I'm about to push a fix for this entire issue. There are two different behaviours required for ssh and srun respectively, and they will be governed by an additional argument in remote_config(), with the defaults working in each case.

michaelmayer2 commented 2 weeks ago

I came back to this and I figured out an alternative way to run SLURM tasks would be to use

remote = remote_config(
      command = "sbatch",
      args = c("--mem 512", "-n 1", "--wrap", "."),
      rscript = file.path(R.home("bin"), "Rscript"),
      quote = TRUE
    ),

The benefit of using sbatch is that the job accounting information is much more accessible when compared to srun.

shikokuchuo commented 2 weeks ago

Thanks Michael. Just to confirm my understanding, you're saying that using sbatch is preferable and this requires remote_config(quote = TRUE)? If that's the case then I'd like to make quote = TRUE the default as it seems it's also the case for most other commands.

michaelmayer2 commented 2 weeks ago

Thanks Michael. Just to confirm my understanding, you're saying that using sbatch is preferable and this requires remote_config(quote = TRUE)?

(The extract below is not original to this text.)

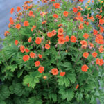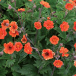 As with so many modern perennials, this Geum has taken a favourite plant of old and radically improved both the form and the flower power.  Geum ‘Rustico Orange’ has a compact mounding habit and becomes smothered in numerous red orange double flowers in spring.  The flowers erupt through healthy and dense green foliage with large attractive leaves around late August to early September. This perennial is a long liver, lasting happily in the garden for many years to come and is particularly hardy in dry or difficult growing conditions.  The large ruffled flowers will carry on for an extended period and are a spectacular sight as they emerge from the strong healthy foliage.

If that's the case then I'd like to make quote = TRUE the default as it seems it's also the case for most other commands.

Yes, sbatch feels very much preferrable to me and requires remote_config(quote=TRUE)

shikokuchuo commented 2 weeks ago

I've realised it's too disruptive to change the default, and quote = FALSE is actually used in some other contexts, so I've just added a Slurm sbatch example to the remote_config() docs. Thanks for reporting back on this @michaelmayer2!